Mansour Hussein, Ali Jawad, Swamy Anupama, Leahy Anthony
Gastroenterology, West Hertfordshire Teaching Hospitals NHS Trust, London, GBR.
Pathology, West Hertfordshire Teaching Hospitals NHS Trust, London, GBR.
Cureus. 2024 Aug 3;16(8):e66084. doi: 10.7759/cureus.66084. eCollection 2024 Aug.

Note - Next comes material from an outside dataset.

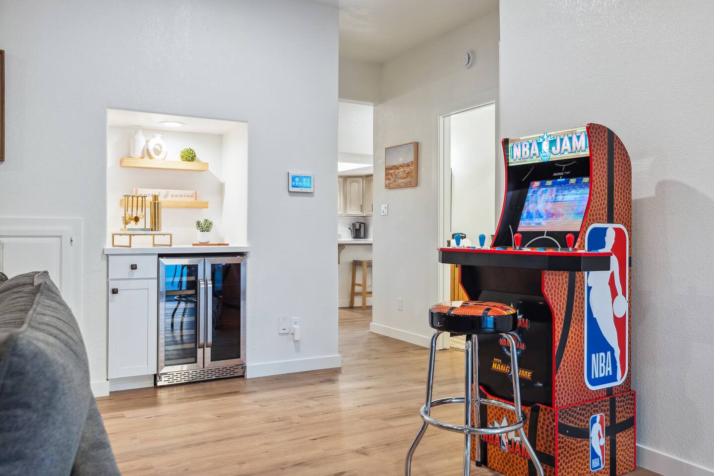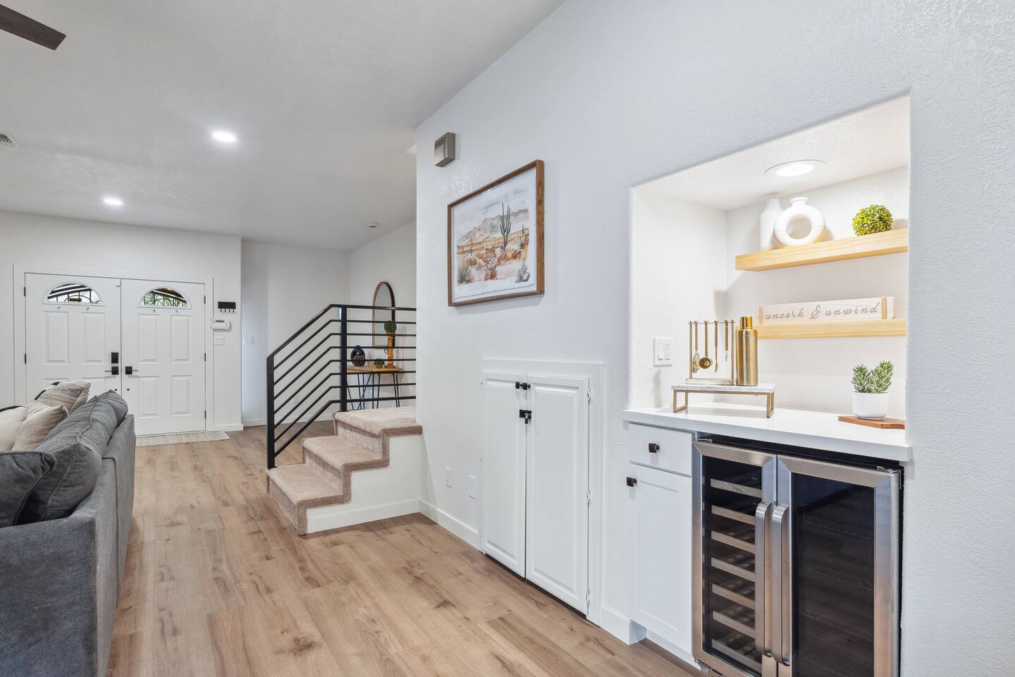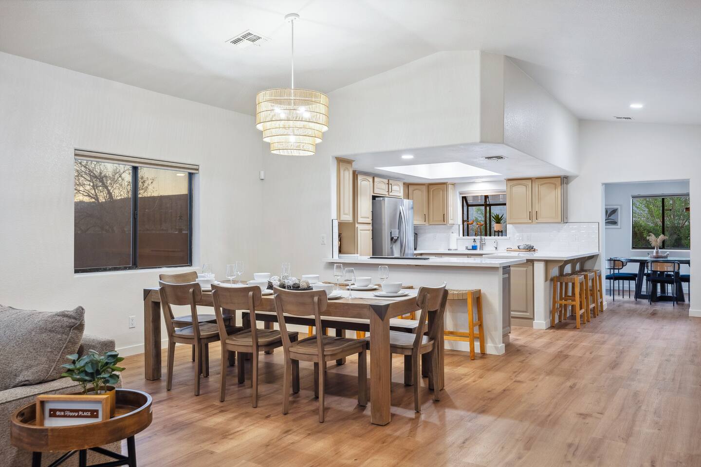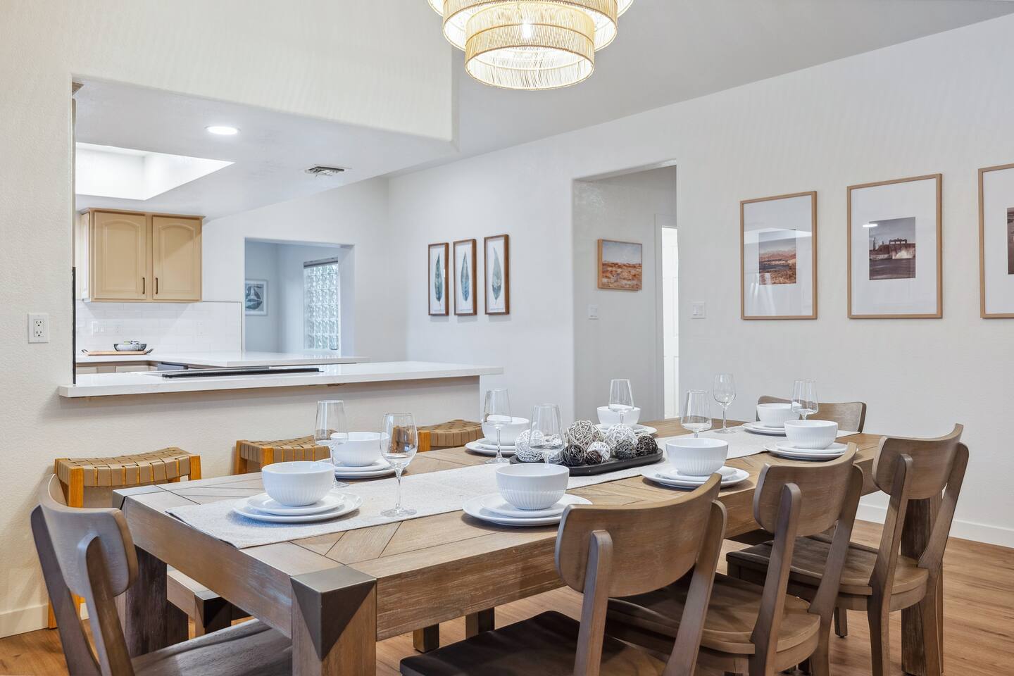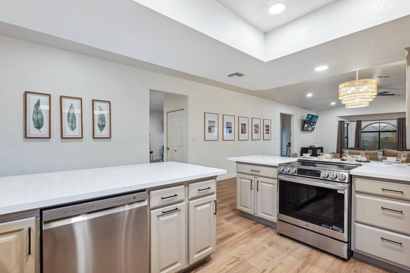 Bring the whole family to this great place with lots of room for fun in our modern-designed vacation home in Bullhead City, just minutes from Laughlin and Lake Mohave. Our spacious home has 5 bedrooms, comfortably sleeping up to 16 guests. Dual living areas features sleek furnishings, a gourmet kitchen, and large cozy sectional. Perfect for family gatherings or group getaways, our home combines style and convenience for an unforgettable stay.
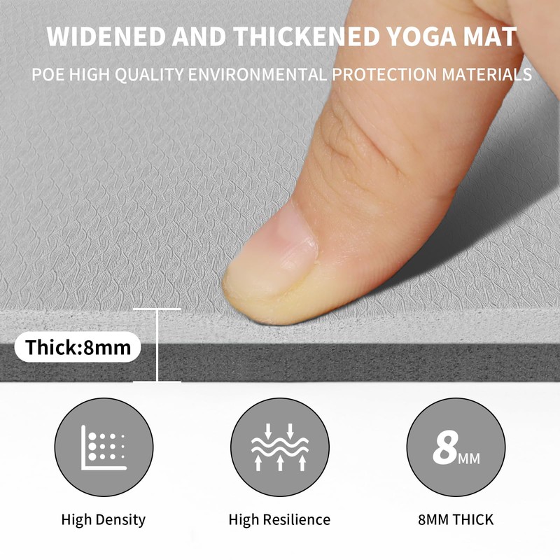 8mm Large Yoga Mat (6'x 4') - Extra Long and Wide 72 x 48 x 0.32 inches, Non-Slip POE Fitness Mat, Eco-Friendly, Thick Wide Exercise Mat for Home Workouts,Ideal for Yoga and Pilates.(Grey+Black)

Emphysematous gastritis is a rare condition with a high mortality rate. We present a rare case of haemorrhagic emphysematous gastritis in a 70-year-old woman with a background of relapsed endometrioid ovarian cancer previously treated with chemotherapy and recent prednisolone use. A CT scan showed a grossly distended stomach with gas in the stomach wall and gas in the gastric and portal veins in the liver. The duodenum and small bowel were not dilated, suggesting gastric outlet obstruction potentially secondary to serosal deposits. Endoscopic evaluation showed an ischaemic oesophagus and posterior wall of the stomach, with necrosis of the greater curve. Histology showed complete loss of the gastric epithelium along with transmural necrosis along with intense acute and chronic inflammation. She was treated conservatively, as she was not fit for surgery due to her co-morbidities. She symptomatically improved and was discharged under the palliative care team. There are no current clear guidelines on treatment approaches. After a patient is haemodynamically stabilised, treatment options currently include surgical intervention (gastrectomy) or conservative options (fluid resuscitation, nasogastric decompression, broad-spectrum antibiotics/antifungals and supportive management). Historically, emphysematous gastritis was conventionally managed surgically. There has been a shift towards conservative management in recent literature, reporting good patient outcomes in patients successfully managed without surgical intervention.
气肿性胃炎是一种罕见疾病,死亡率很高。我们报告了一例罕见的出血性气肿性胃炎病例,患者为一名70岁女性,有复发性子宫内膜样卵巢癌病史,此前接受过化疗,近期使用过泼尼松龙。CT扫描显示胃明显扩张,胃壁内有气体,肝脏内胃静脉和门静脉内有气体。十二指肠和小肠未扩张,提示可能继发于浆膜下沉积物的胃出口梗阻。内镜检查显示食管和胃后壁缺血,大弯侧坏死。组织学检查显示胃上皮完全丧失,伴有透壁坏死以及强烈的急性和慢性炎症。由于其合并症,她不适合手术,因此接受了保守治疗。她的症状有所改善,并在姑息治疗团队的照料下出院。目前尚无明确的治疗方法指南。在患者血流动力学稳定后,目前的治疗选择包括手术干预(胃切除术)或保守治疗(液体复苏、鼻胃管减压、广谱抗生素/抗真菌药物及支持治疗)。从历史上看,气肿性胃炎传统上采用手术治疗。最近的文献显示治疗趋势已转向保守治疗,报道称未接受手术干预而成功治疗的患者预后良好。